Understanding the Root Cause
The root cause is almost always one of these:
- the runtime fails to apply the correct WebAssembly shift-count masking rule,
- the runtime performs the operation using the host language incorrectly,
- or sign extension is handled incorrectly during lowering, optimization, or interpretation.
According to WebAssembly semantics:
- i32.shr_s is a signed arithmetic right shift,
- the value being shifted must preserve its sign bit,
- the shift amount must be normalized as rhs & 31.
That means these two are equivalent:
i32.shr_s(x, y)
((int32_t)x) >> (y & 31)
If an engine instead does something like this:
((int32_t)x) >> y
then behavior may diverge when y >= 32, when y is derived from fuzzed input, or when the host language treats overshifts differently. In C and C++, shifting by an amount greater than or equal to the bit width is problematic and may lead to undefined or implementation-specific behavior. In JITs and interpreters, the mismatch can also appear if one path masks and another path does not.

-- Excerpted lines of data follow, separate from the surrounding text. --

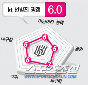 한화(32점), kt(30점), 롯데(29점)는 '3약'이다. 한화는 스토브리그동안 투수력 보강이 계속 이어졌다. 그러나 냉정하게 따지면 확실히 믿을 만한 카드는 여전히 많이 부족하다. 선발진에서 확실한 역할을 해줄 선순느 셰인 유먼밖에 없다. 배영수 송은범 이태양 등은 시즌을 치러봐야 정확한 활약여부를 알 수 있다. 올해 처음으로 1군에 선보이는 kt는 현 시점에서 '대박' 혹은 '쪽박'이다. 잠재력은 무한하지만, 시간이 필요하다는 의미. 롯데는 선발 로테이션을 꾸리기가 쉽지 않다. 조시 린드블럼과 송승준은 확실한 카드다. 그러나 4, 5선발 자체가 없는 상황이다. 장원준의 공백이 더욱 커 보인다. <스포츠1팀>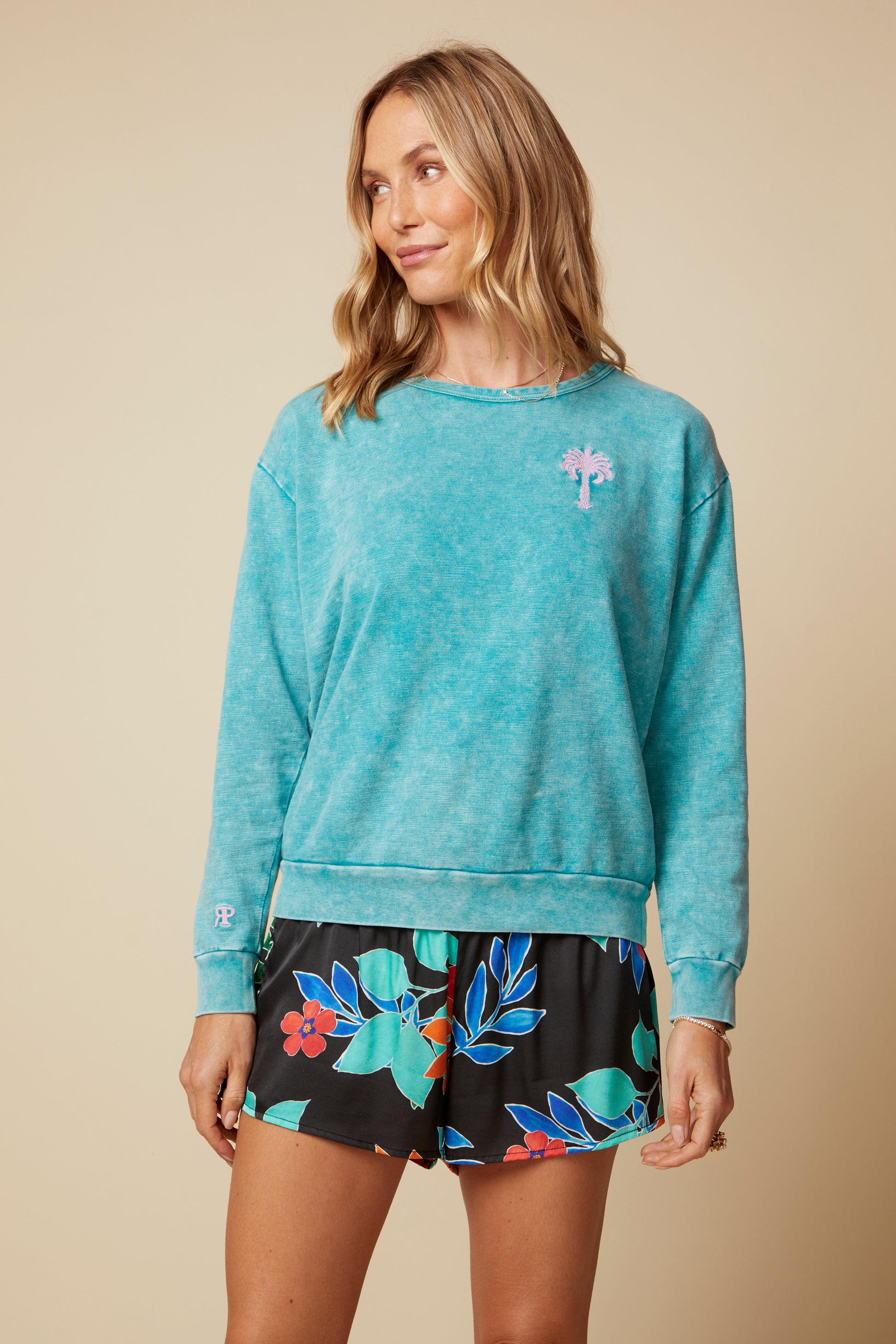 THE MADISON PULLOVER SWEATSHIRT IN COTTON SLUB FRENCH TERRY IN WASHED TEAL
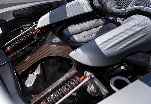 „Моторът е базиран на 5,5-литровия V10, с който Porsche участваше в Льо Ман, но тук разпробит до 5,7 литра (5733 куб. см), машина която звучи е-по-хал-но! Нищо общо със съвременните двигатели, турбо мотори, хибридни системи или каквото искате. Максималната му мощност е 612 к.с. при 8000 об/мин, а въртящия момент – 590 Нм при 5750 об/мин. Достатъчни за много сериозна динамика.“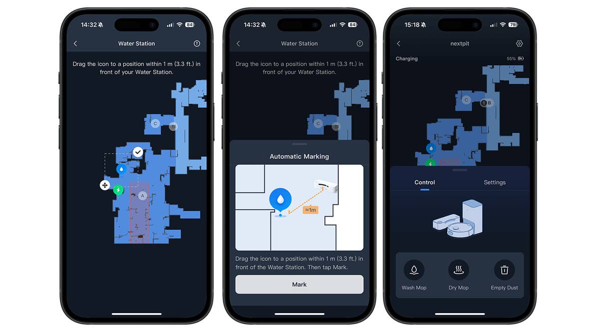 The next step is to add the water station to the map. To do this, mark the location of the water station on the scanned floor plan. The S10 then drives to the specified location and parks, as in the self-emptying station. In our review, pairing only worked on the third attempt. Finally, the robot vacuum cleaner is ready for some cleaning action!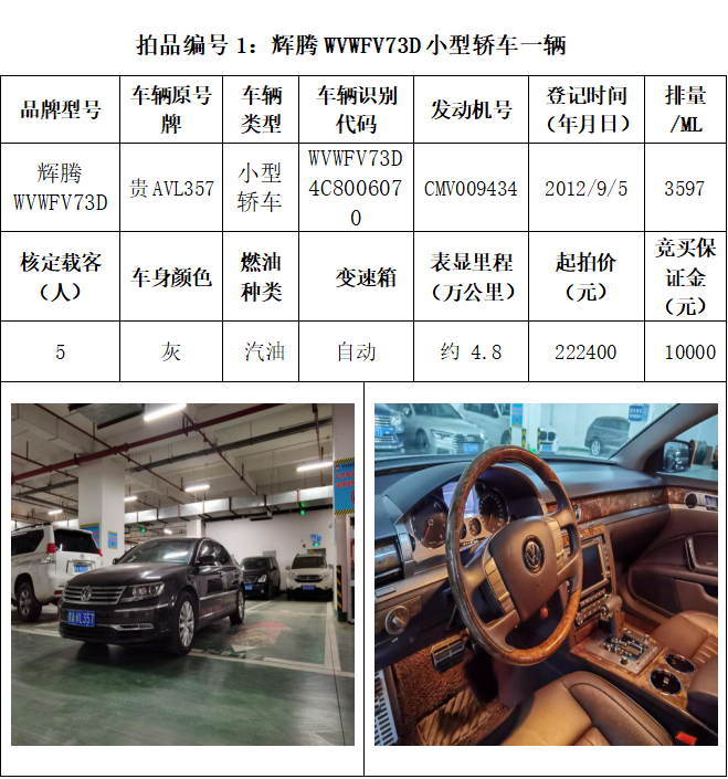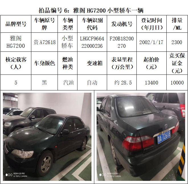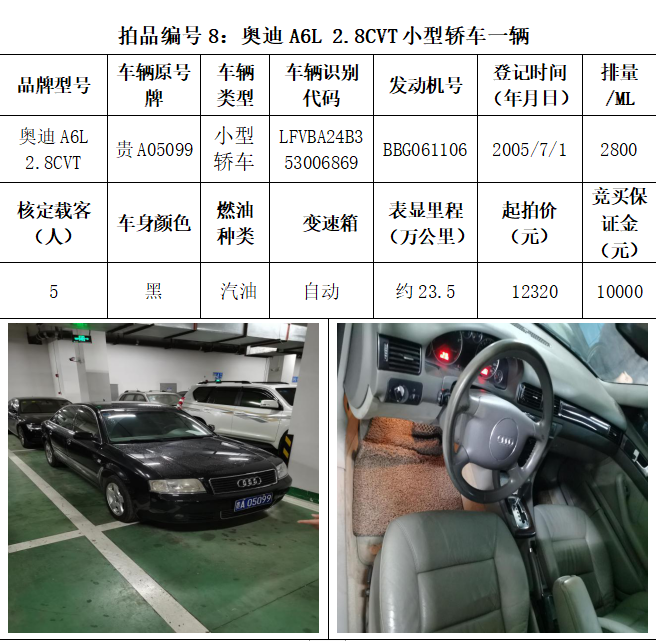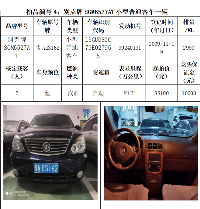受委托,本公司定于2021年3月26日(星期五)下午14:30時(shí),在貴陽(yáng)市中華南路20號(hào)新大陸數(shù)碼廣場(chǎng)10樓D座拍賣(mài)廳公開(kāi)拍賣(mài)以下車(chē)輛:普拉多越野車(chē)1輛、超級(jí)維特拉越野車(chē)1輛、別克商務(wù)旅行車(chē)1輛、輝騰轎車(chē)1輛、途勝越野車(chē)1輛、雅閣轎車(chē)2輛、奧迪轎車(chē)1輛,共計(jì)8輛車(chē)。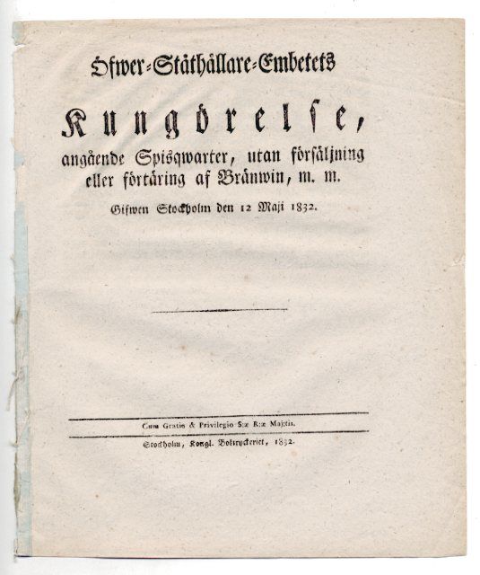 Öfwer-ståthållare-embetets kungörelse, angående spisqwarter, utan försäljning eller förtäring af bränwin, m.m. Gifwen Stockholm den 12 maji 1832.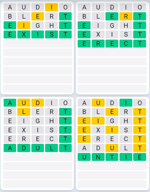 It is the most popular daily word game outside of Wordle due to the increased level of difficulty. Players must guess four five-letter words in as few as nine attempts, rather than guessing one word.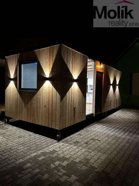 Nabízíme k prodeji moderní obytný modul o rozměrech 8 × 3 m s terasou, který je plně vybavený a připravený k okamžitému užívání.

Another subtle source of inconsistency is using a logical shift instead of an arithmetic shift. For negative numbers, these are very different:
- Arithmetic shift replicates the sign bit.
- Logical shift inserts zeros.
So if the input is negative and the engine uses unsigned lowering by mistake, the output will differ even when the shift count is valid.
Step-by-Step Solution
The fix is to enforce WebAssembly semantics explicitly in every execution path: interpreter, baseline compiler, optimizing compiler, and any constant-folding pass.
1. Normalize the shift count
For i32.shr_s, always mask with 31.
uint32_t raw_shift = pop_i32_operand();
int32_t value = pop_i32_operand();
uint32_t shift = raw_shift & 31;
int32_t result = value >> shift;
push_i32_result(result);
If your runtime supports i64.shr_s, use 63 instead.
uint64_t shift = raw_shift & 63;
2. Preserve signedness correctly
Make sure the value operand is treated as a signed 32-bit integer before shifting.
int32_t value = (int32_t)input;
uint32_t shift = count & 31;
int32_t result = value >> shift;
Avoid patterns that silently convert to unsigned:
uint32_t value = input;
uint32_t result = value >> (count & 31);
The example above implements logical right shift, not signed right shift.
3. Align interpreter and JIT behavior
If your project has multiple execution tiers, verify that they all use the same rule. A common failure mode is:
- the interpreter masks the shift count,
- the optimizing compiler assumes the backend instruction already does it,
- the backend on one architecture behaves differently.
Use a shared helper where possible:
static inline int32_t wasm_i32_shr_s(int32_t lhs, uint32_t rhs) {
return lhs >> (rhs & 31);
}
4. Fix constant folding and IR transforms
If the engine folds constants during validation or optimization, the same masking rule must apply there too.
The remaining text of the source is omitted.